All those Christmas trees make a forest; Dawson says part of his job is to see the forest for more than just the trees.
“If there is a conflict between a commercial forest use and a species of concern, like the lynx, we will always side with the lynx,” Dawson says, and when the species of concern is linked to a prey species, like the hare, which relies on a specific habitat, the habitat will generally be preserved.
The habitat that is preserved to protect the lynx also serves the interests of several groups in the area that use the national forest for commercial guide services.
The Crested Butte Nordic Center offers guided tours to backcountry huts in the area, like those in the 10th Mountain Division hut system. He says people aren’t making the 15-mile trip into the national forest to take anything but photos.
“Most of the people we deal with are snow-shoeing and cross-country skiing and they’re looking to enjoy the natural beauty,” Nordic Center manager Mark Smiley says.
Dave and Lisa Mapes use the national forest for their livelihood, as the owners of Cosmic Cruisers sled dog tours and Quaking Aspen Outfitters.
Lisa Mapes, who has been in the business of mushing dogs for 15 years, takes her clients 12-20 miles into the forest, often using snowmobile tracks to give her dogs firm footing.

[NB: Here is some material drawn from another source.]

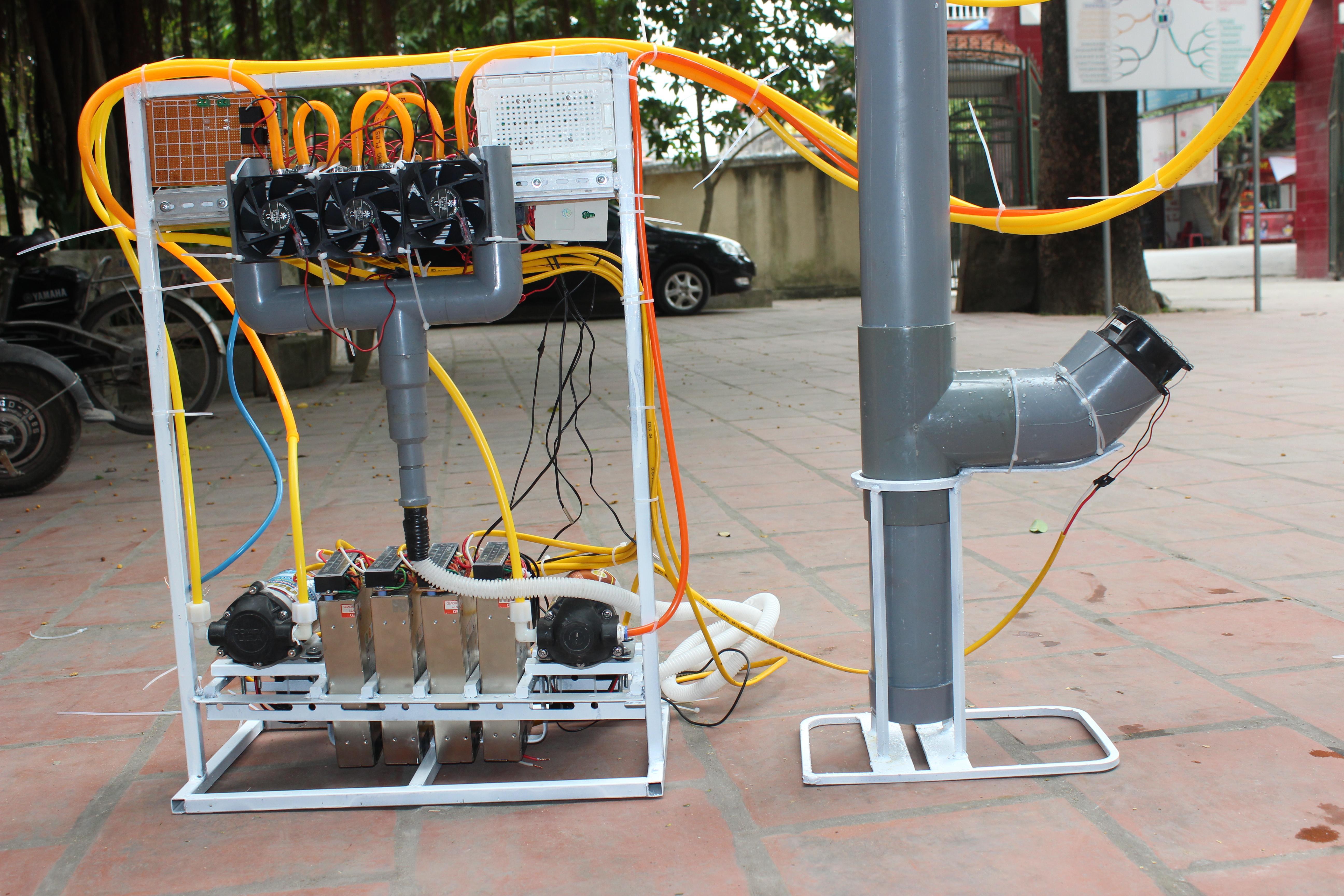 Chỉ mới là học sinh lớp 10 nhưng Tạ Hoàng bảo việt thực sự cho chúng tôi bất ngờ về khả năng và sự hiểu biết của mình về lĩnh vực kĩ thuật cơ khí, điện lạnh. Sản phẩm “hệ thống làm mát bằng tháp bay hơi” chính là thành quả mà cậu học sinh này đã nghiên cứu và sáng chế ra. Việt cho biết “đây là sự kết hợp của hai công nghệ là làm mát bằng tháp bay hơi và vật liệu bán dẫn”.

She says that although they sometimes run into conflict with snowmobilers who are driving too fast, she has to remember that she needs them to get her clients away from their cell phones and into the quiet.
“If people can slow down in life they change. They change the way  they talk, it’s slower once they’re out there, they get really quiet and they just take it all in,” says Mapes.
Although she doesn’t always understand or agree with the way the forest is managed, Mapes says she has no problem with the managers.
“I really think they’re looking out for the best interest of the forest. I really do think they look at what the public wants and they do really respond to what we want. We just have to be consistent and persistent,” she says.
Keeping the national forest in a condition that can be used by everyone, even if it isn’t in the backyard, is what the Forest Service does, says Dawson, and balancing the various interests that make up the ‘your’ in “protecting your national forest,” that’s business as usual.